Promotional interviews are supposed to follow a rhythm. A question, an answer, a pivot to the next topic. Kevin Hart and Chelsea Handler had other ideas. What was intended as a sit-down tied to the new Netflix competition series Funny AF With Kevin Hart turned almost immediately into a relentless exchange of jokes, impressions and well-aimed personal jabs that left very little room for anything resembling a formal conversation.
The two comedians have been friends for years, and that familiarity came through from the first moment. Handler set the tone within seconds of the interview beginning, and he matched her energy without hesitation, turning what could have been a standard entertainment media moment into something that felt more like an unscripted bit between two people who have been doing this long enough not to care about the format.
The jokes and where they landed
Handler did not ease into the session. She opened with a crack about his posture and followed it almost immediately with a comment about something she claimed to spot in his beard, a remark that landed somewhere between affectionate and genuinely cutting. Kevin Hart, for his part, rolled with it entirely, leaning into the self-deprecation rather than deflecting.
One of the more extended bits in the interview centered on the pandemic. Handler recalled being on the receiving end of repeated FaceTime calls during the early months of the COVID-19 lockdown, calls that frequently included his wife Eniko. She described the arrangement as an unexpected dynamic she had not anticipated and was not entirely comfortable with, framing it as a situation that left her unsure whether she was being recruited as a therapist, a companion or something else entirely. She eventually stopped answering out of a combination of confusion and self-preservation.
His version of events, to the extent he offered one, did nothing to clear the air. The two seemed to enjoy leaving the story right where it was.
What the interview was actually promoting
Beneath the comedy, the conversation was nominally tied to two things. The first was Funny AF With Kevin Hart, a Netflix competition series that brings together aspiring comedians competing for recognition in the space. The second was a significantly bigger moment on the calendar.
On May 10, Kevin Hart will be the subject of a live Netflix roast at The Kia Forum in Los Angeles, presented under the banner Netflix Is A Joke Presents: The Roast of Kevin Hart. He spoke about the upcoming event with a competitive edge that suggested he is approaching it less as an occasion to absorb jokes gracefully and more as a challenge he intends to win on his own terms. He made clear that he views the roast not just as an opportunity for others to take shots at him but as a stage on which he plans to demonstrate exactly why he is not someone to underestimate in a comedy setting.

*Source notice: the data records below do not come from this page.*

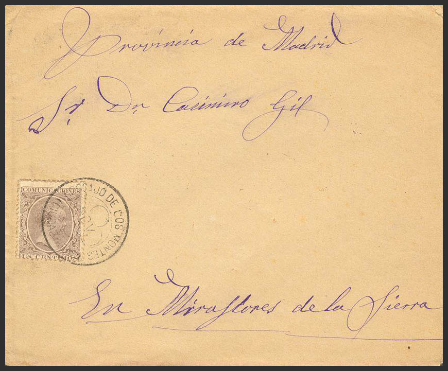 219. 1890. 15 cts castaño. HORCAJO a MIRAFLORES. Matasello trébol HORCAJO DE LOS MONTES / (CIUDAD-REAL). MAGNIFICA.
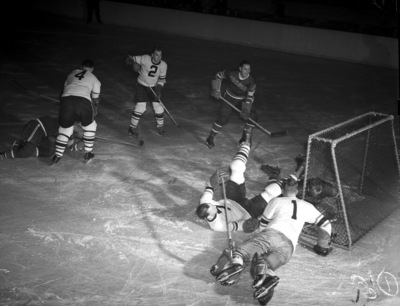 The 1941-1942 American Hockey Association (A. H. A.) season is opening at Will Rogers Memorial Coliseum with a match between the Fort Worth Rangers and the visiting St. Paul Saints (white jerseys). The teams are shown in action on the ice. Pete Leswick, wing for the Rangers, is barely visible in the net after taking a shot from Lloyd Jackson. Jackson, the Rangers' center, is shown on his knees at upper left, after passing to his teammate. The Ranger at the upper right is wing Pete Pleban. The Saints are Gord Reid (4), Benny Grant (1), Virgil Johnson (2) and Yank Boyd (7).
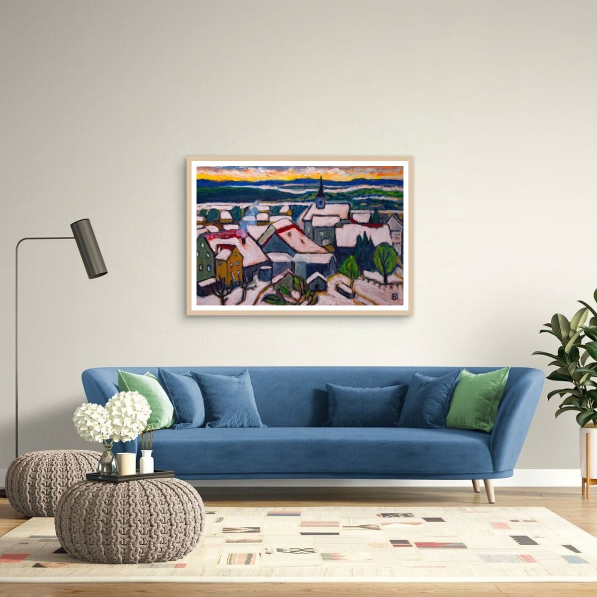 Au cœur des toitures rouges et pâles, le clocher veille, fine aiguille noire cousant la terre au ciel d’orange incandescent.
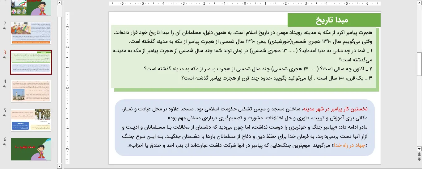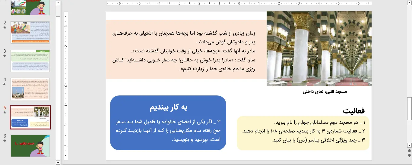 جزئیات و دانلود پاورپوینت مطالعات اجتماعی پنجم درس پانزدهم – مدینه، شهر پیامبر(ص) – سال تحصیلی 1405-1404
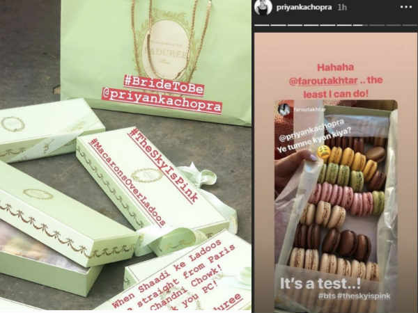 और ये गिफ्ट थे प्रियंका की शादी का लड्डू यानि कि जिसे हम और आप आम बोलचाल की भाषा में बैना कहते हैं। एकदम हल्के पेस्टल शेड का ये बॉक्स सेट पर हर व्यक्ति के पास आया है और प्रियंका चोपड़ा ने शादी के लड्डुओं को फ्रेंच मैकरून से बदल दिया है। इसकी तस्वीरें बेहद दिलचस्प थीं। वहीं प्रियंका ने इन मैकरून का आधा खाली डिब्बा भी अपने सोशल मीडिया पर शेयर किया जिस पर फरहान अख्तर ने अपनी प्रतिक्रिया भी दी।
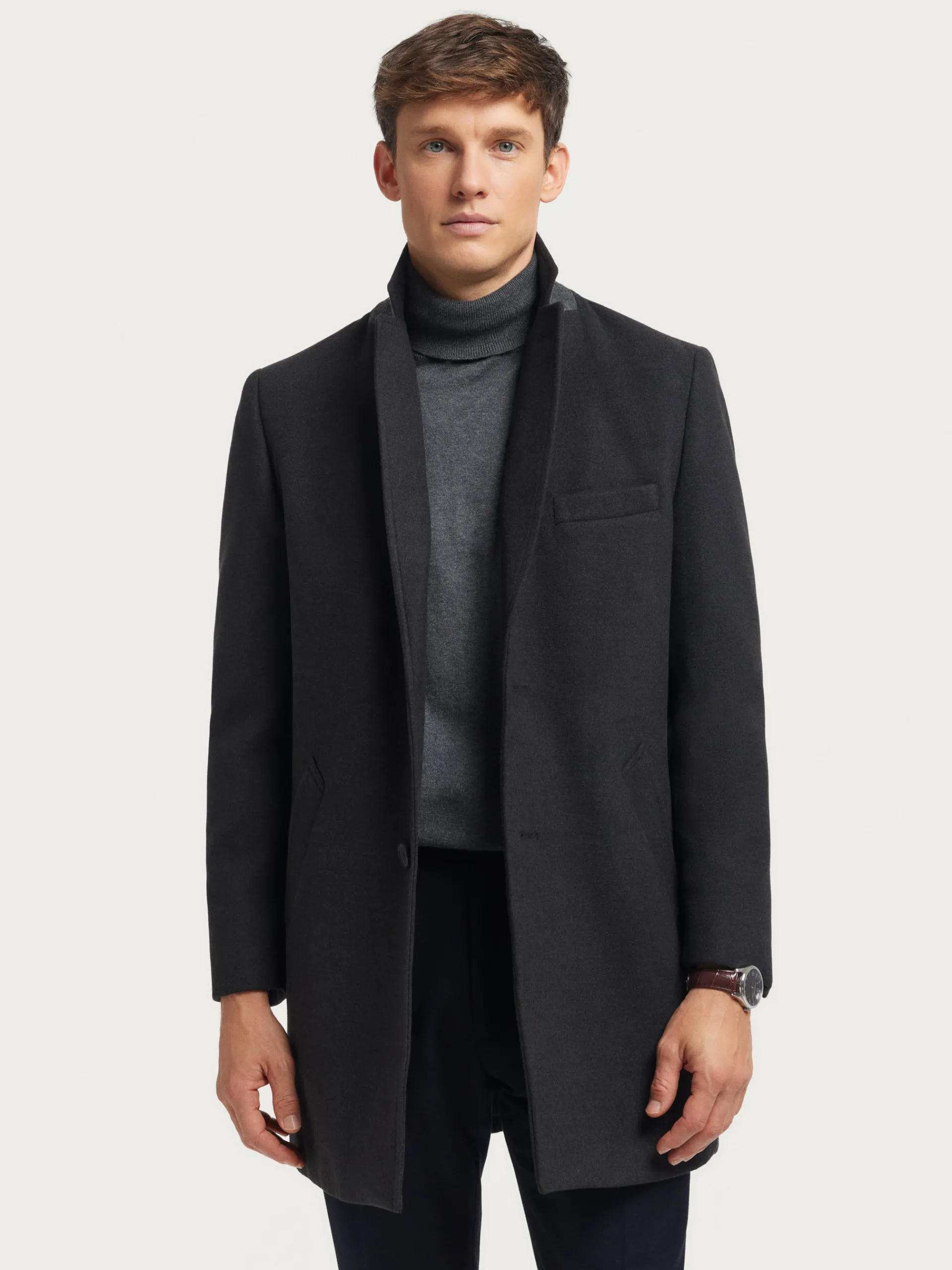Abrigo de paño liso con cuello y solapa. Cierre central mediante botones, manga larga con botones en su terminación y …

What the dynamic between them reveals
The interview works as entertainment precisely because neither of them is performing for the other. The jokes land because the friendship behind them is visible. There is no warmup, no diplomatic softening, no moment where either person appears to be managing the other’s feelings.
That kind of comfort is rare in a promotional setting, where most interviews involve at least some degree of image maintenance. These two abandoned that entirely and the result was more watchable than almost anything a structured sit-down could have produced. For Kevin Hart, who has a roast coming and a series to promote, it was probably the best advertisement he could have asked for.